MR. JUSTICE MINTON delivered the opinion of the Court.
Petitioner was convicted of voluntary manslaughter for the fatal shooting of an eighteen-year-old woman in an altercation growing out of a business transaction. A second woman was wounded in the affray. At his trial, petitioner claimed that he killed the deceased in self-defense. The jury obviously did not believe him or it would not have found him guilty of voluntary manslaughter. He appealed to the Court of Appeals of Georgia which affirmed the conviction of July 12, 1950. Stembridge v. State, 82 Ga. App. 214, 60 S. E. 2d 491. Certiorari to the Supreme Court of Georgia was denied.
Petitioner thereafter filed in the trial court what he called an "Extraordinary Motion for New Trial." This motion alleged that after the appellate proceedings above mentioned, petitioner for the first time, to wit, September, 1950, discovered new evidence which, had he known of and been able to use, would have resulted in his acquittal. He supported the motion with affidavits of ten of the jurors in the case stating that had this evidence been before them, they "would have never agreed to any verdict except one of not guilty . . . ."

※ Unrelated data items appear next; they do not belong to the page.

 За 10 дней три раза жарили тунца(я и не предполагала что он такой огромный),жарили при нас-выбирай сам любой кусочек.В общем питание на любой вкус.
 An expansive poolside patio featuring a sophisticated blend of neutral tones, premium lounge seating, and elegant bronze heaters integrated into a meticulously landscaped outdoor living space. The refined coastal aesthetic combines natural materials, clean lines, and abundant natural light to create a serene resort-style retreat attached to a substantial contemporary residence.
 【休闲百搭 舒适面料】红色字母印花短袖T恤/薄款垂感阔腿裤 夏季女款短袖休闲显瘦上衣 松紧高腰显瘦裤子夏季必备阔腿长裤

The newly discovered evidence consisted of a conflict between a written statement made by Mrs. Mary Harrison, [343 U.S. 541, 543] the other woman who was shot in the affray, and her testimony at the trial. Petitioner could not contend that he was unaware of the existence of this statement because the police investigator who recorded it was cross-examined at length about the statement and its contents by petitioner's counsel at the trial. Petitioner claims only that he did not know of the conflict between the statement and Mrs. Harrison's testimony at the trial until after the trial was over. The statement was made by Mrs. Harrison in the hospital, shortly after she was shot. It is not sworn to. At least, there is no jurat exhibited as a part thereof. This statement, often referred to as a dying declaration, and the copy thereof remained at all times in the hands of the police. Since Mrs. Harrison did not die, the State could not use the statement as a dying declaration. Ga. Code, 38-307 (1933).

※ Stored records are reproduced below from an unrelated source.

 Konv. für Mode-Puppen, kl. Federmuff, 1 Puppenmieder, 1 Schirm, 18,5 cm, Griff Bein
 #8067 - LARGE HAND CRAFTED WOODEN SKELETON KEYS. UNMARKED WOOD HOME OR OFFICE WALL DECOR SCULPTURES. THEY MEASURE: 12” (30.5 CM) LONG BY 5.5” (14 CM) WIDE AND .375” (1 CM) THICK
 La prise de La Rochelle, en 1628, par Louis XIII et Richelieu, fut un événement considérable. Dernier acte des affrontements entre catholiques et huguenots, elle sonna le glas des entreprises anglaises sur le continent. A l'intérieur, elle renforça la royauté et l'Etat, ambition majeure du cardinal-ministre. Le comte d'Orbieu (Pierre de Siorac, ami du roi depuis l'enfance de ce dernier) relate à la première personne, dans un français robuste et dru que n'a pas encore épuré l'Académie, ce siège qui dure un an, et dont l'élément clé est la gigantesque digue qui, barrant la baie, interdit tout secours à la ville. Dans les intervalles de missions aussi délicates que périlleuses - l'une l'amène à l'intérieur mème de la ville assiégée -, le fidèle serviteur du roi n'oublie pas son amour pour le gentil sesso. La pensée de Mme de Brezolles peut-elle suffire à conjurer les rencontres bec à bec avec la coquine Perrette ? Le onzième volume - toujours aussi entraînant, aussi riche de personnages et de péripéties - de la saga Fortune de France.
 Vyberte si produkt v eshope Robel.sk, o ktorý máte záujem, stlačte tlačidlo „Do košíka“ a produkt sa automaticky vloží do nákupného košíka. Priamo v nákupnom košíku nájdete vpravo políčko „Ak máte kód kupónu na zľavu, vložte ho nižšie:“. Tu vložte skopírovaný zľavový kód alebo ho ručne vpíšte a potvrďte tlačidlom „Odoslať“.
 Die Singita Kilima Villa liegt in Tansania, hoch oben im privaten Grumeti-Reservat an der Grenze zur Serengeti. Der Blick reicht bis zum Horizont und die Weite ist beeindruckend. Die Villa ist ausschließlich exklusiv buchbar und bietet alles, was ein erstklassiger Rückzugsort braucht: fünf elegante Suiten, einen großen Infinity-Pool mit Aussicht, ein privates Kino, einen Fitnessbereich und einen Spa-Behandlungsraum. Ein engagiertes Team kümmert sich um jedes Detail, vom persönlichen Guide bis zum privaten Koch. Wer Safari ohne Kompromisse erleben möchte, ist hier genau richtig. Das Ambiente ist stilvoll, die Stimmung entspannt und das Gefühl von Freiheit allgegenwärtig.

The motion alleges that at petitioner's trial, Mrs. Harrison testified that he "did go into the third room of the house and that he did shoot Emma Johnekin after he had already wounded her in the front of the house, and after she had seated herself on a trunk in this rear room." The house where the shooting occurred consisted of three rooms, in line from front to rear, and a kitchen. The statement made by Mrs. Harrison while in the hospital, which is allegedly in conflict with her testimony, was "and Emma [deceased] never got out of the front bed room until after the men [Stembridge and Terry] had already gone."
This motion for a new trial based on newly discovered evidence was denied by the trial court. The Court of Appeals affirmed on the ground that the evidence was impeaching only and under the Georgia Code, 70-204, was not the basis for the granting of a new trial. Stembridge v. State, 84 Ga. App. 413, 415-416, 65 S. E. 2d 819, 821. This judgment was entered June 5, 1951. [343 U.S. 541, 544]

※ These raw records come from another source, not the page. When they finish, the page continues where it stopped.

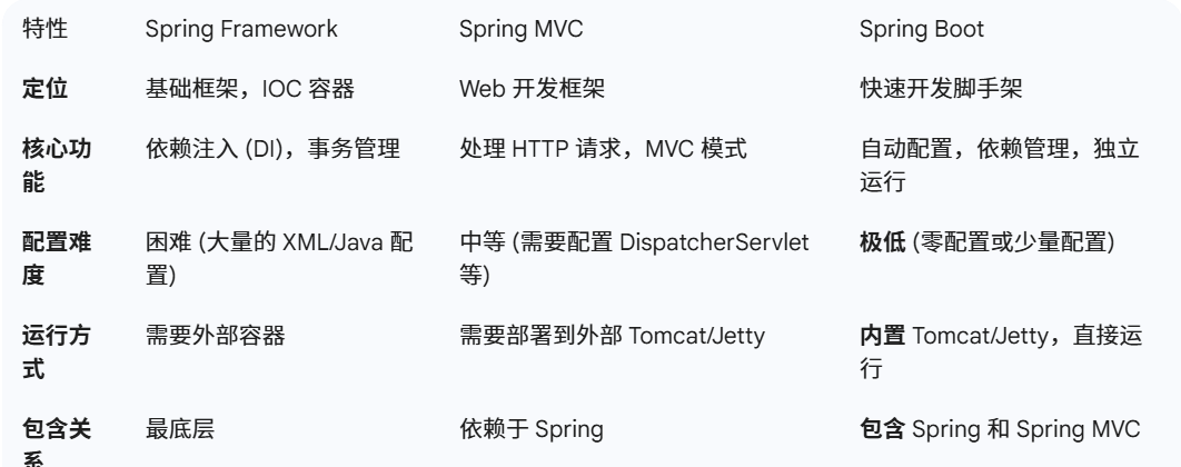 1. Spring, Spring Boot 和Spring MVC的关系以及区别
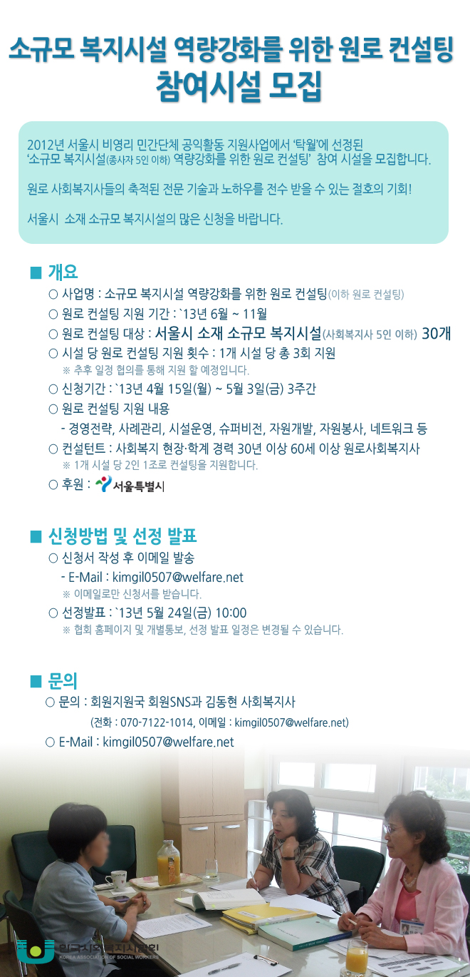 [한국사회복지사협회]-소규모 복지시설 역량강화를 위한 원로 컨설팅 참여시설 모집
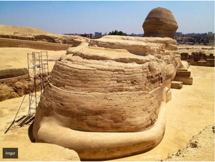 The Sphinx, with the head of a king and body of a lion, has a tail. Did you know the Sphinx has a tail? Lions have tails so it stands to reason but we usually don’t get this angle. The Sphinx and Great Pyramids are usually photographed so they appear isolated in the desert but you can clearly see a city landscape in the image above. As a matter of fact you get a pretty good view of the surviving Wonders of the world from inside the local Pizza Hut.
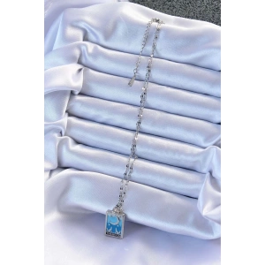 316L Çelik Zincir Gümüş Renk Mavi Mineli Tarot Kolye
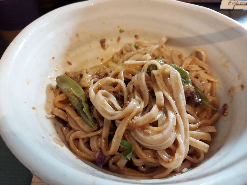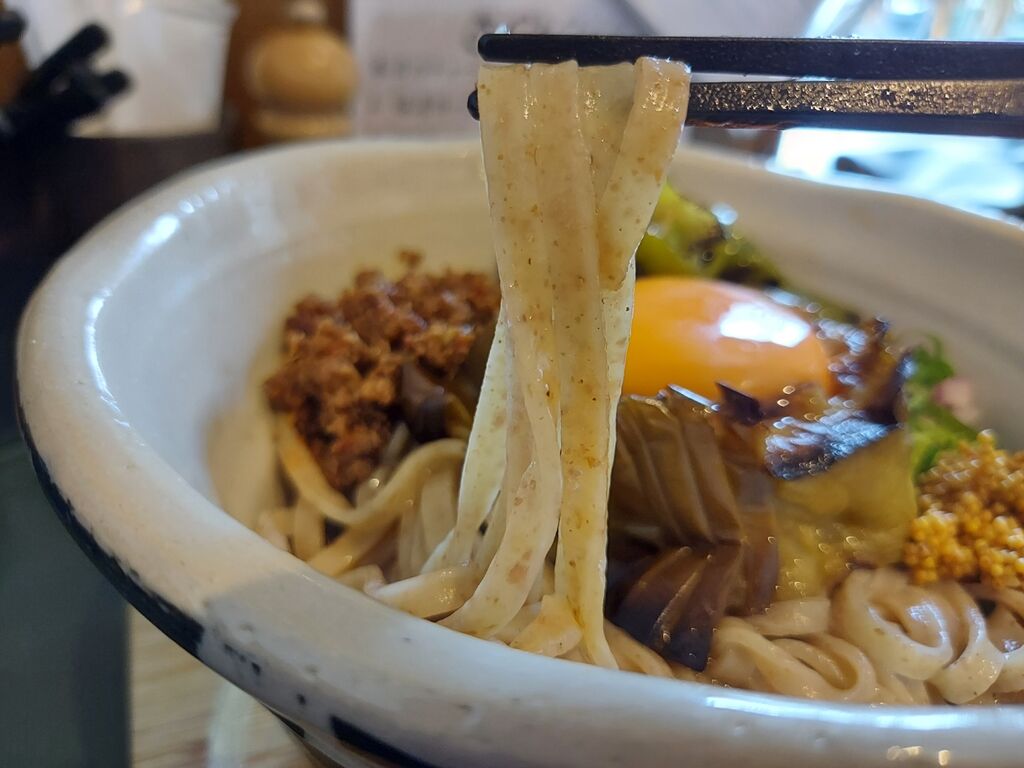 blogに玄麦から自家製粉した春よ恋全粒粉をたっぷり配合されてると書いてあったのですが、蕎麦色に色づいた平打ちの麺は見た目では想像できないしなやかな麺で、引っ張っても切れ無いほどでしたね~😗
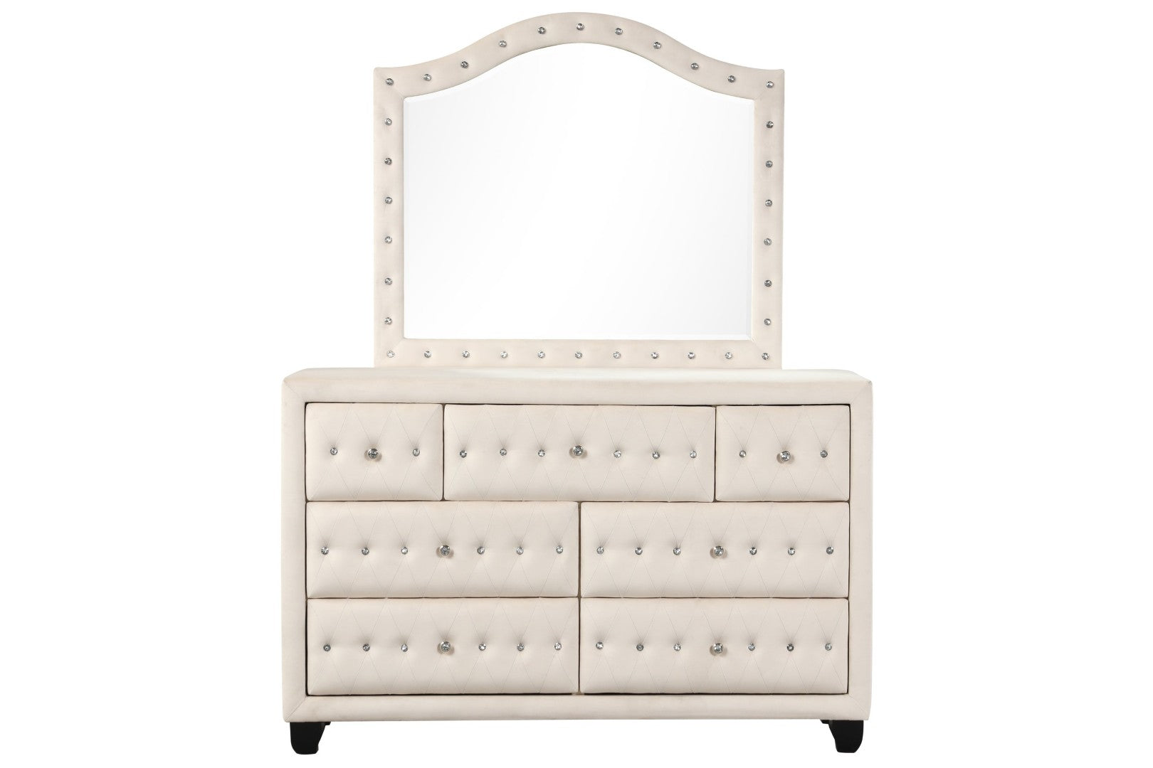 Elevate your bedroom with a contemporary dresser that blends luxurious details and everyday functionality. Upholstered in cream velvet and finished with crystal-tufted accents, this seven-drawer dresser offers generous storage and refined style to organize clothing, cosmetics, and jewelry while enhancing your room's décor.

Petitioner then filed a motion for rehearing in the Court of Appeals and for the first time attempted to raise the question of his federal constitutional rights under the Fourteenth Amendment. He contended that he had been denied equal protection and due process in that the State had used Mrs. Harrison's testimony to obtain his conviction with knowledge that it was perjured. The motion for rehearing was denied July 17, 1951, in these words: "Upon consideration of the motion for a rehearing filed in this case, it is ordered that it be hereby denied." On September 12, 1951, the Supreme Court of Georgia denied certiorari without opinion. On September 17, 1951, the Court of Appeals, at petitioner's request, stayed the remittitur for ninety days to enable him to apply to this Court for certiorari.
On October 22, 1951, petitioner sought and obtained from the Court of Appeals of Georgia an amendment of the record in the following words:
First, since the Supreme Court of Georgia, which was the highest court of the state in which a decision could be had in this case, was not asked to pass upon and did not pass upon the purported amending order, we have no occasion to consider its effect.
Secondly, at the time the petition for certiorari was denied by the Supreme Court of Georgia, there appeared in the petition the following recital:
At this stage, the Supreme Court of Georgia could have denied certiorari on adequate state grounds. Where the highest court of the state delivers no opinion and it appears that the judgment might have rested upon a nonfederal ground, this Court will not take jurisdiction to review the judgment. Hedgebeth v. North Carolina, 334 U.S. 806 ; Woods v. Nierstheimer, 328 U.S. 211 ; White v. Ragen, 324 U.S. 760 ; McGoldrick v. Gulf Oil Corp., 309 U.S. 2 ; Woolsey v. Best, 299 U.S. 1 ; Lynch v. New York ex rel. Pierson, 293 U.S. 52 ; Cuyahoga Power Co. v. Northern Realty Co., 244 U.S. 300, 303 -304; Adams v. Russell, 229 U.S. 353, 358 -362; Allen v. Arguimbau, 198 U.S. 149, 154 -155; Johnson v. Risk, 137 U.S. 300, 307 ; Klinger v. Missouri, 13 Wall. 257, 263.
The amending order of the Georgia Court of Appeals does not, in our view, change the posture of this case - it does not remove the strong possibility, in light of Georgia law, that the Supreme Court of Georgia might have rested its order on a nonfederal ground. We are without jurisdiction when the question of the existence of an [343 U.S. 541, 548] adequate state ground is debatable. Bachtel v. Wilson, 204 U.S. 36 .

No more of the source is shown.